All Articles

Lessons From Using Amazon MQ

I'm not sure what rationale Amazon Web Services employs to name its offerings — AWS DeepLens, AWS DeepLens/AppSync vs. Amazon MQ/Lex, etc. — but Amazon MQ still appears under the AWS namespace in the SDK. FWIW, it's basically Active MQ 5.15.0 (at this time) + monitoring + pay-as-you-go storage (doesn't really matter).

Imagine booting up a t2.micro instance on EC2 and installing ActiveMQ, setting up appropriate security groups/firewall rules, and setting up monitoring (CloudWatch or other) by yourself.
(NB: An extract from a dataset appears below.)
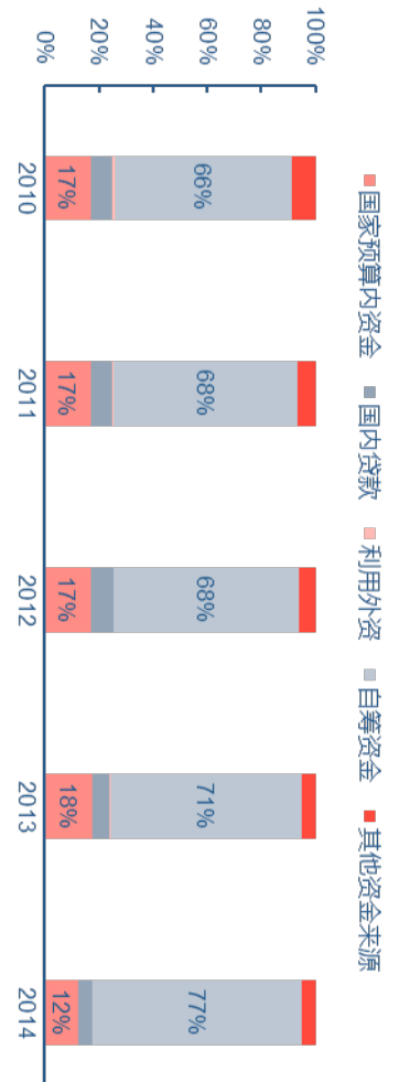地方债务负担限制了财政政策的使用空间。基建项目多为地方财政主导,对于资金密集型的基建行业来说,地方财力直接决定了财政政策支持基建的空间。基建投资资金来源中,国家预算内资金只占约17%,而自筹资金比例逐年提高,已超过70%。自筹资金主要包括自有资金、政府性基金、地方债等,由于地方政府的举债能力受到财政部43号文件的限制,加上通过土地出让获得的政府性基金收入难以持续增长,对于严重依赖自筹资金的基建投资来说十分不利。基建类行业资金来源(%)
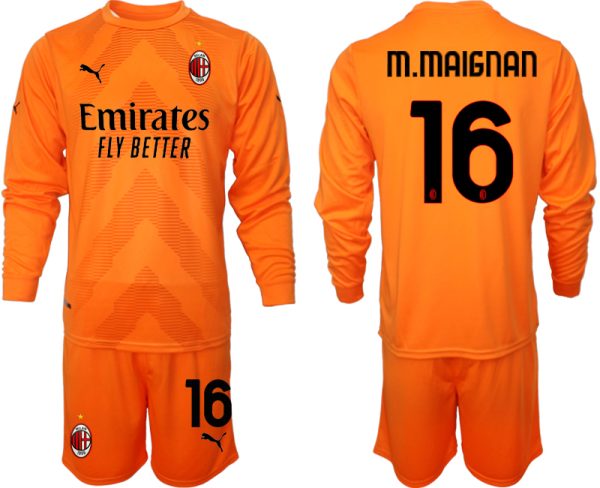 Herren AC Milan Goalkeeper 2022-23 orange Langarm + Kurze Hosen M.MAIGNAN 16

Yes, you could set this up all by yourself (if you need a simple, single broker). It's really not that difficult. Amazon decided to provide a turn-key solution to something that's not much of a problem...but anyway...

How is it different from running ActiveMQ on an EC2 instance? One glaring difference is — you cannot temporarily Stop the ActiveMQ instance. You have to leave it running 24x7, or delete the broker. On the bright side, you get cool CloudWatch metrics and queue-level stats. Consequentially, you can set up alarms when certain queues reach unexpected thresholds. There's also an option to have an Active/Standby deployment for reliable uptime.

In our case, our requirement for Amazon MQ grew out of our app initially using SQS + Lambda (workers). Starting initially with a single FIFO queue, we decided to reduce overall processing time by sharding jobs across multiple FIFO queues only to realize we needed to scale a whole lot more. Amazon MQ launched around the time we needed to scale and seemed like a viable solution given the low monitoring and upkeep overhead.

Some of our lessons from using ActiveMQ are as follows:

If you can, use the official Java Client

Although ActiveMQ supports a variety of client languages, the Java client is your best bet. Amazon MQ comes with SSL mandatorily turned on (and rightly so) and connecting to it using Python or Node.js clients can be a pain. We got stompy to play well after some hacks, but the Java client uses the OpenWire protocol and works much better.

Additionally, it's possible to monitor queue stats and manage queues using JMS stuff readily available in Java.

In our case, we repurposed our existing SQS-polling worker code on Lambda/Node.js to respond to async invocations and removed all polling code. We then created thin Java workers (AWS SDK + ActiveMQ libs + Jackson + log4j => CloudWatch) that poll ActiveMQ queues and asynchronously invoke our earlier Lambda function.

Deleting ActiveMQ messages is a Pain

For our use-case, at the beginning of the day, we need to purge all queues that could contain unprocessed jobs from the previous day. We then use Lambda to replenish all queues with fresh jobs.

Destroying a queue with ActiveMQConnection.destroyDestination(queue) does not delete its messages. Who would've thunk it. If the same queue ends up being created later (with the same name), the old messages reappear like zombies.

There are two ways to purge the queue — one using a somewhat complex removeAllMessages sent over an MBeanServerConnection — this seems to be what the WebUI uses internally, and another is to...well, drain the queue! Obviously, this is the riskier alternative... while ((message = consumer.receive(100)) != null) { }

Polling Without Prefetch

We had clients running in Lambda polling the MQ using a periodic CloudWatch event but they didn't seem to receive a message if the queue had just one message. Setting the prefetch value to 0 fixed the issue.

ActiveMQPrefetchPolicy prefetchPolicy = new ActiveMQPrefetchPolicy();  

From the docs

Specifying a prefetch limit of zero will cause the consumer to poll for messages, one at a time, instead of the message being pushed to the consumer.

In our case, this is exactly the behaviour we intended for our stateless polling Lambda consumers that close the consumer connection as soon as they process a single message.

The combination of AWS Lambda, ActiveMQ, and DynamoDB makes for a pretty great "serverless" stack that is relatively painless...if your use-case fits the products. There are no server alerts to rush to, and the Lambda paradigm allows for quickly iterating over product features without breaking existing, working code. Until Aurora Serverless becomes generally available for tackling more serious use-cases, the current stack offers a cost-effective, maintenance-free way for high-velocity iterative development.